Lo stratega dello sbarco a Malta, insomma, è Lupini, che racconta com’è finita: «La società sostanzialmente ha smesso di operare. Avevamo contattato Mangion perchè ha legami scon investitori ricchissimi, soprattutto russi, ma poi ho preferito ritirarmi per problemi di natura legale».
Quali? Lupini pesa le parole: «Mi occupo di fiscalità internazionale e ho sempre rispettato tutte le norme. Malta però non è l’Italia. E con Mangion non ci risultava sempre chiara l’origine dei fondi di alcuni investitori.

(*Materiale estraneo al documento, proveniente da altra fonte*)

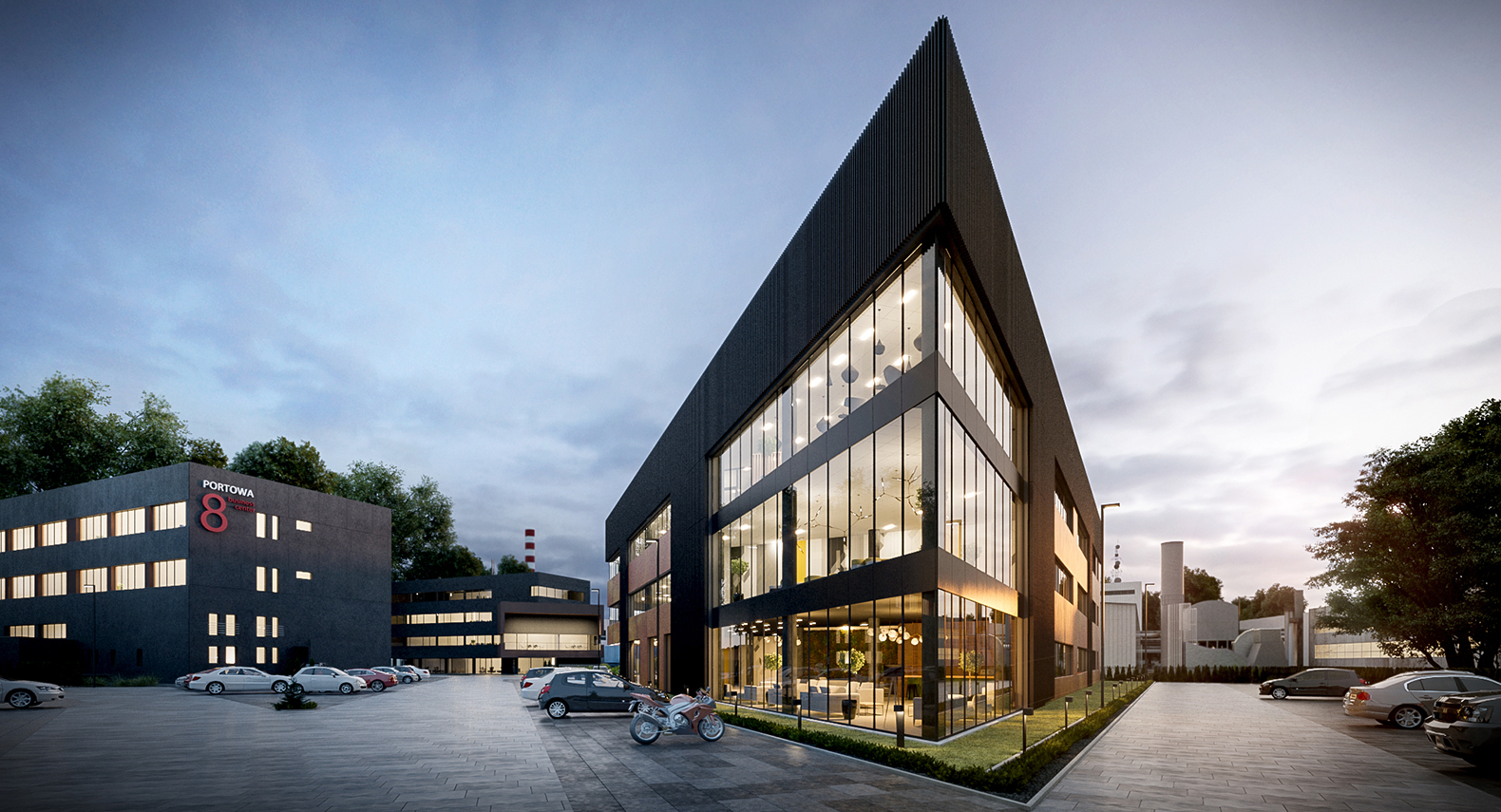 Projektując budynek biurowy przy ul. Portowej w Gliwicach, postawiliśmy na dynamiczną, nieregularną bryłę, która wyróżnia się w miejskim krajobrazie. Trzykondygnacyjny obiekt obłożono czarnymi pionowymi żyletkami, które nadają mu wertykalny charakter i podkreślają smukłość formy. Kontrastującym akcentem jest wykończenie z blachy cortenowej – materiału o szlachetnej, zmiennej barwie, który nadaje całości elegancji i unikatowego wyrazu.
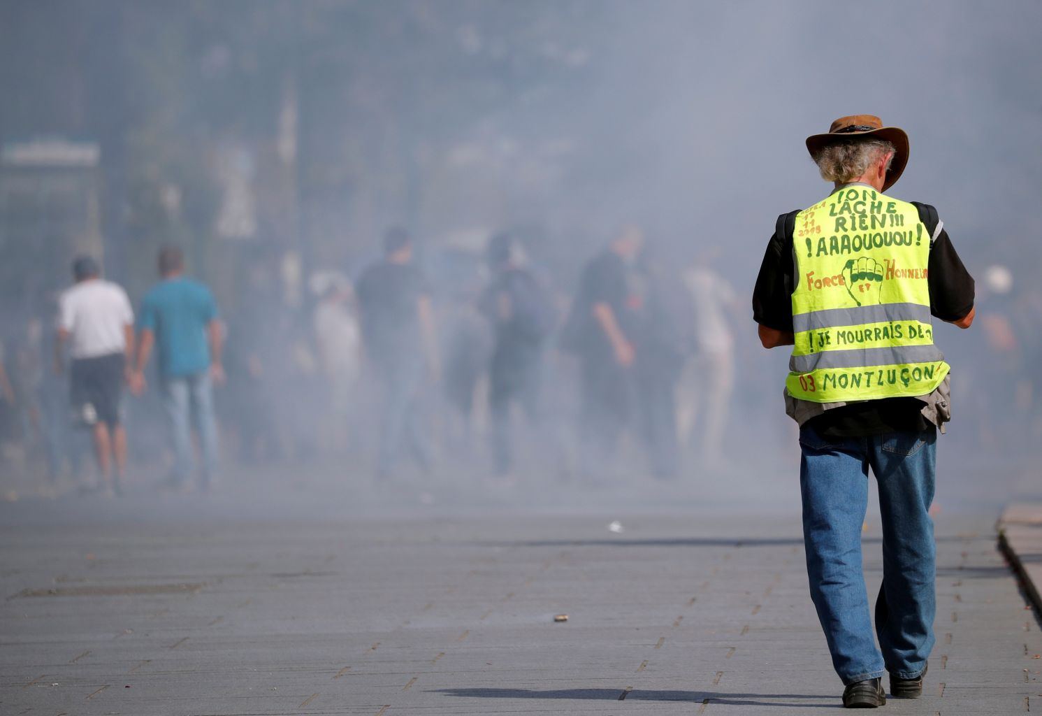 A protester wearing a yellow vest walks among tear gas as protesters clash with French riot police in Nantes, France, Sept 14, 2019.

Quindi ho voluto evitare ogni ipotetico rischio».
Oggi la Credinvest di Mangion pubblicizza anche un’altra attività di rilievo politico: dal 2015 è diventata «un agente accreditato dal governo di Malta» nel programma che concede la cittadinanza ai ricchi investitori stranieri.
Gli extracomunitari poveri, in Europa, ci arrivano con i barconi da clandestini, affamati, disperati e rifiutati.
I miliardari invece ci entrano con i soldi e un passaporto europeo da vip: basta pagare la parcella agli amici degli amici di Salvini.
(da “L’Espresso”)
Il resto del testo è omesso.